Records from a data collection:
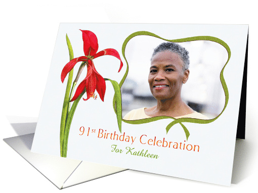 | Title: | Lovely Red Lily 91st Birthday Party Invitation, Custom Photo and Name |
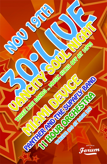 MIAMI DEVICE , PANTHER & THE SUPAFLY BAND, 11 Hour Orchestra @ The Forum Nov 19 2010 - Feb 6th @ The Forum
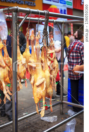 A man is hanging chickens on a metal rack
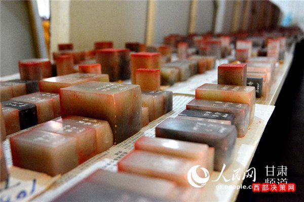 同時(shí),敦煌正覺寫經(jīng)院又組織篆刻書寫了50米真絲長卷的《道德經(jīng)》,并附20幅老子出關(guān)圖。該長卷采用篆刻方式,先將《道德經(jīng)》全文篆刻在大小不等的壽山石印章上,再將印章按照經(jīng)文順序印在真絲絹和皮紙上。每一句經(jīng)文刻一枚印章,刻章用的壽山石達(dá)一噸有余。
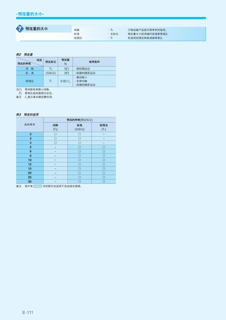 -预压量的大小-7预压量的大小间隙标准轻预压:T0:无标记:T1订购成套产品或外筒单件时指定。预压量大小的详细内容请参照表2。所适用的预压种类请参照表3。表2预压量预压的种类间隙标准轻预压项目预压标记T0(无标记)预压量N0(1)0(2)T10.02C0使用条件·极轻微运动·轻微的精密运动·振动极小·负荷均衡·轻微的精密运动注(1)(2)备注零间隙或有微小间隙。零预压或轻微预压状态。C0表示基本额定静负荷。表3预压的适用大小尺寸预压的种类(预压标记)间隙(T0)标准(无标记)轻预压(T1)234568101215202530○○○---------○○○○○○○○○○○○---○○○○○○○○○备注表中有号的部分也适用于自由组合规格。Ⅱ-111
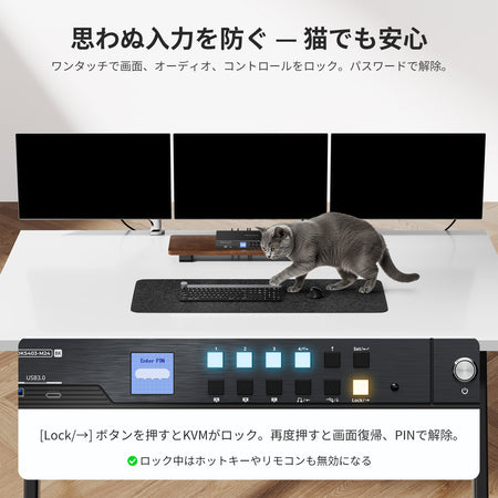DKS403-M24は、最大4台のPCを3台の高解像度ディスプレイでシームレスに制御する必要があるプロフェッショナルやパワーユーザーのために設計されています。驚くべき8K@60Hzのビジュアルと鮮やかで真実味のある色彩をサポートするこのトリプルモニターKVMスイッチは、性能と柔軟性の両方を求める動画編集者、開発者、マルチタスクをこなす人、IT管理者に最適です。
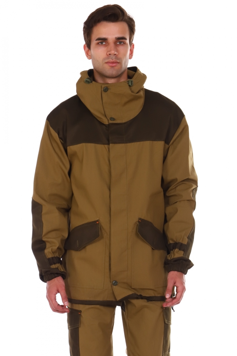Капюшон притачной по горловине, с кулисой по лицевому вырезу, стягивающейся шнуром. По передним частям рукавов внизу кулиса. Манжеты притачные, стянутые эластичной тесьмой
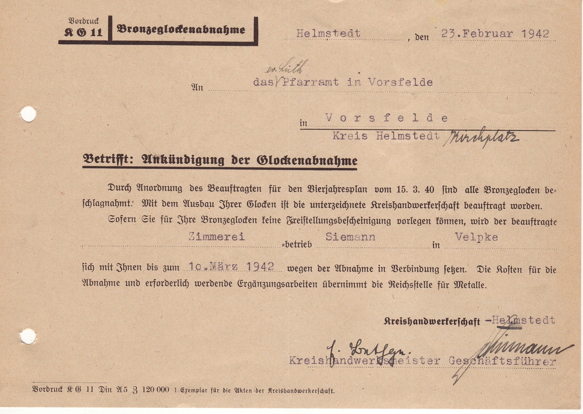 Zimmerei Siemann aus Velpke wird sich bis 10.3.1942 zur Abnahme der Glocke in Verbindung setzen
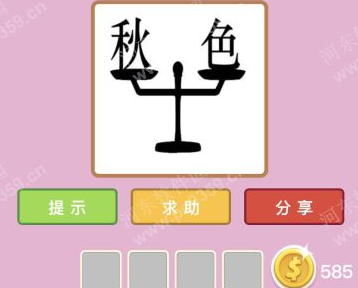 【解析】我们可以根据本关卡中的平、色二字在天秤中是平衡的,那么我们可推算出平字,再根据秋字与色字,即可想到答案!
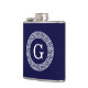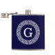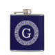 Navy Blue Wht Greek Key Rnd Frame Initial Monogram Hip Flask
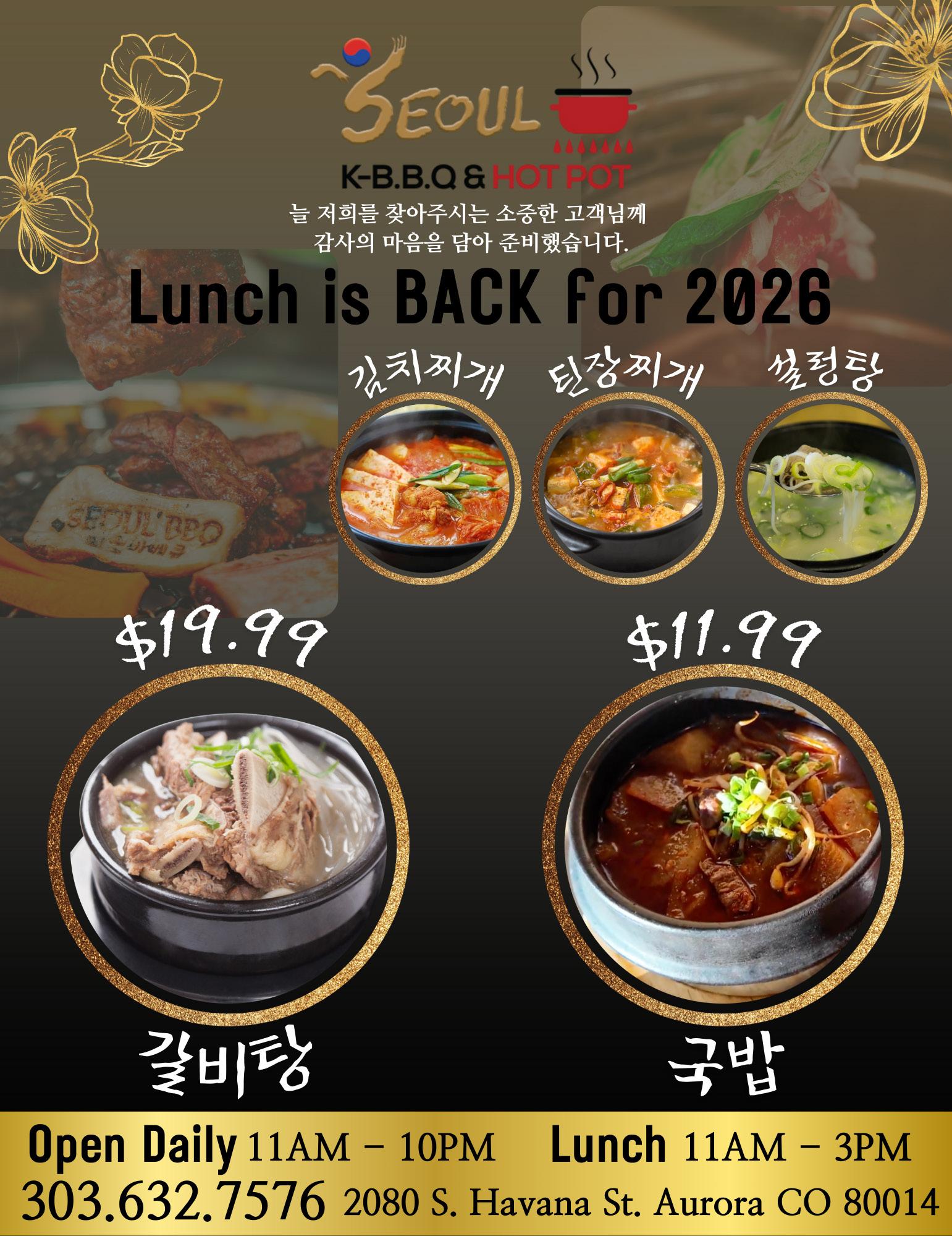가격이다. 런치는 오전 11시~오후 3시, 디너는 오 후 3시~11시까지. 주소는 1225 Federal Blvd, Denver, CO
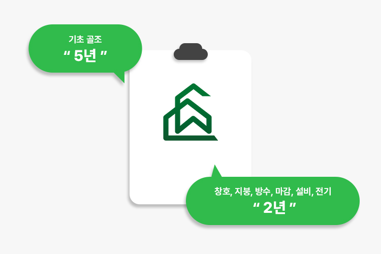 창호·지붕·방수·마감·설비·전기에 대해 2년의 하자담보 책임기간을 제공합니다.
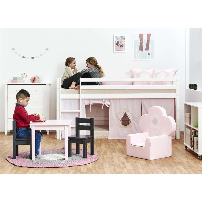 Med dette forhæng fra Hoppekids’ univers, Fairytale Flower, som passer til ECO Dream og ECO Luxury halvhøje senge, etagesenge og mellemhøje senge, skabes et helt specielt gemmested på børneværelset med plads til røverhistorier og hemmeligheder. Dette forhæng danner en hule under sengen som indbyder til hygge, fantasi og leg. Forhænget skaber et udtryk og en stemning på børneværelset. Sammen med de andre produkter i serien, kan der opstå et fantasirigt og kreativt univers.
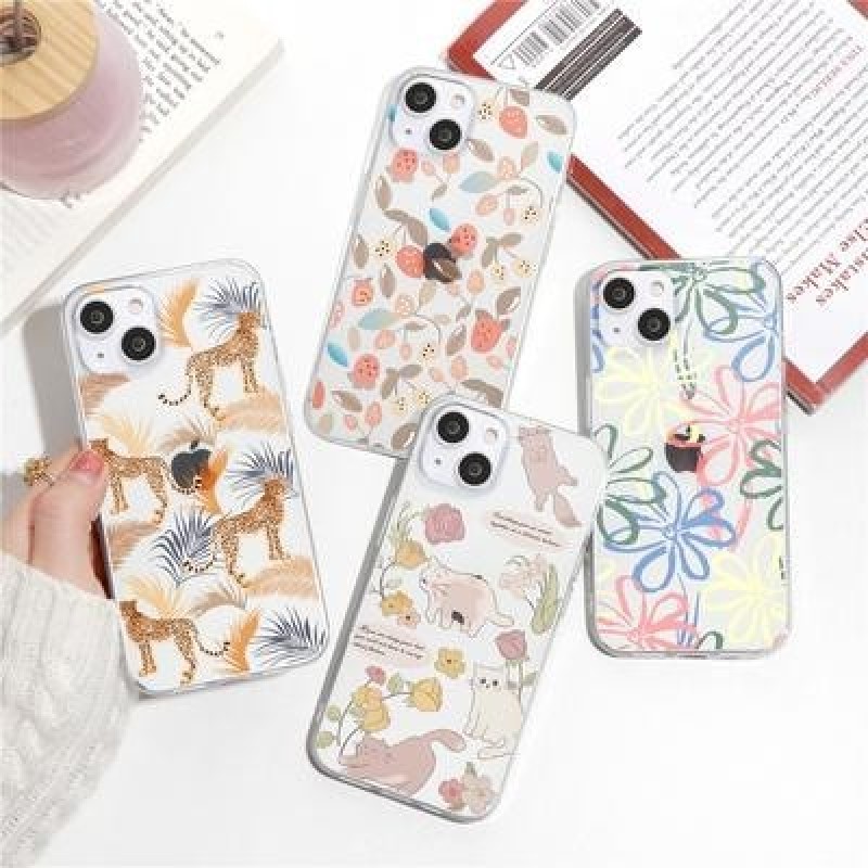 Арт Линия Гүл Симпатичный Мысық Мөлдір телефон қаптамасы iPhone 14 Plus 13 12 11 X XR XS S үшін ₸178591.0 |
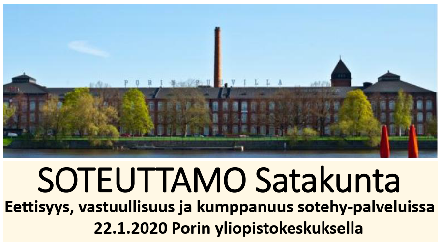Satakunnassa vuoden ensimmäinen Soteuttamo järjestettiin keskiviikkona 22.1. klo 8.30-11.30 Porin yliopistokeskuksella. Sen järjestivät Turun yliopiston kauppakorkeakoulun Porin yksikön KumppanuusAkatemia (EAKR) –hanke sekä Tampereen yliopiston (yhteiskuntatieteet, Pori) ASTe (ESR)- ja Kampus-Sote (EAKR) –hankkeet. Tilaisuus oli suunnattu yksityisen, kolmannen ja julkisen sektorin toimijoille sekä kaikille hyvinvointipalveluiden kehittämisestä kiinnostuneille, myös korkeakouluopiskelijoille.
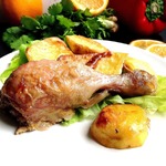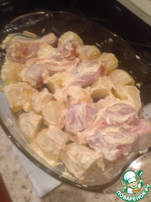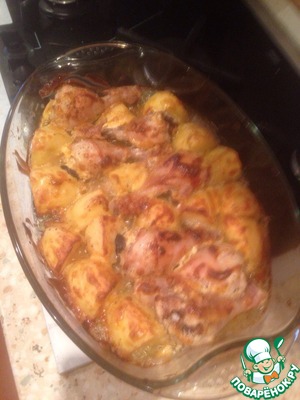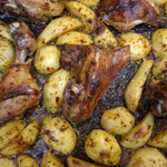 К картошке добавляла батату. Очень вкусно все получилось. Когда мариновать курочку добавила не много уксуса к приправам, так вообще во рту таяла.

TASK ITEM: Pictures in the entries do not go into the copy. Print only the lines starting at the one containing "Капюшон притачной по" and ending at the one containing "Navy Blue Wht", exactly as they appear.

TASK ANSWER:
Капюшон притачной по горловине, с кулисой по лицевому вырезу, стягивающейся шнуром. По передним частям рукавов внизу кулиса. Манжеты притачные, стянутые эластичной тесьмой
 Zimmerei Siemann aus Velpke wird sich bis 10.3.1942 zur Abnahme der Glocke in Verbindung setzen
 【解析】我们可以根据本关卡中的平、色二字在天秤中是平衡的,那么我们可推算出平字,再根据秋字与色字,即可想到答案!
 Navy Blue Wht Greek Key Rnd Frame Initial Monogram Hip Flask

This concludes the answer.